Recipe adapted from Delicious magazine.

Salad and Burrata Piadina Wraps

For a little over a year now, I have been waiting for quinces to come back into season so I can make a version of Philippa Sibley’s Hansel and Gretel dessert.

Last month, I bought some quinces and some apples, and I poached and I baked and I churned and I caramelised and I made a seriously tasty dessert.

But all those little notes, change and tips that we all make to recipes are messily scrawled across multiple bits of paper. Bits of paper that I do not have the time to transcribe at the moment.

You see, things are happening… things that require boxes, and tape and bubble wrap…

I have only done it twice, but I know that I do not like moving. It’s messy, dusty and my usual method of ordered chaos has disintegrated into pure disorganisation. I don’t think it helps that the cat jumps out at me from behind boxes like a ninja.

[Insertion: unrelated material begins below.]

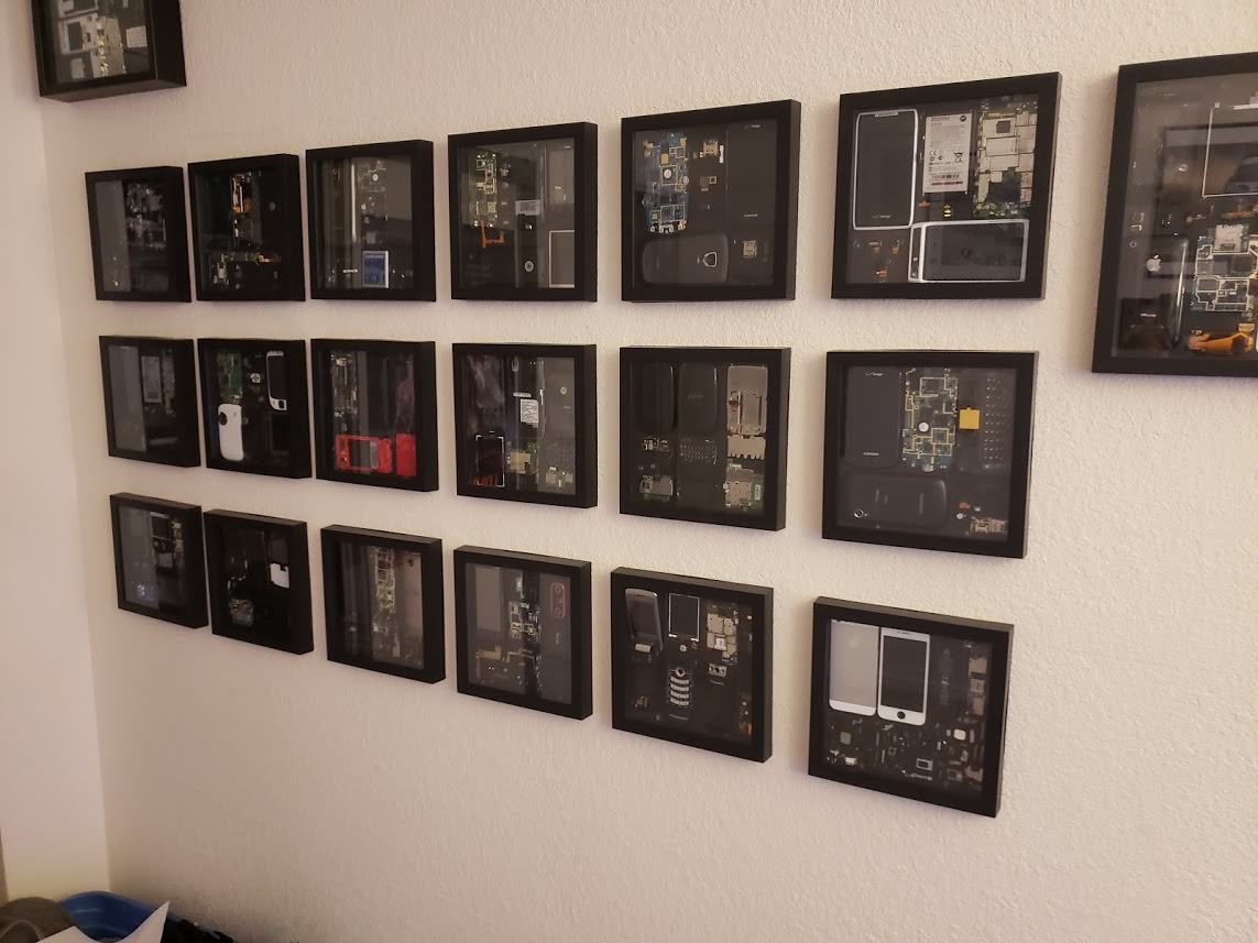 A Reddit user under the pseudonym JediSamReye2013 as a hobby parses smartphones and puts them in a frame. His collection joins iPhone 5 — the inside of the smartphone placed on exhibition the wall under the frame.

So, seeing as though the majority of my spare time is now devoted to boxing up my life, I offer you all not the beautifully poached quinces and apple crumble ice cream that has been the plan for two weeks now; instead, I present a quick (plus resting time!) and easy recipe that can be adapted according to your mood, cravings, time and whatever it is you have in the fridge.

Salad and Burrata Piadina

Piadina is Italy’s lesser-know flatbread, after pizza and focaccia, can be just as tasty – there’s a lot of bad pizza out there – and is much easier to make. It’s great as a snack or as a base to top with a variety of ingredients from cheeses to cold cuts to vegetables. I love them folded over and stuffed with pesto, rocket, tomato, avocado and lots of burrata.

And I promise to share the poached quinces and ice cream dessert very soon. But until then, grab a piadina and enjoy this week’s festivities at Fiesta Friday #76 with Angie @The Novice Gardener, who is this week encouraging all of us to slow down, pause, and to appreciate and value each other.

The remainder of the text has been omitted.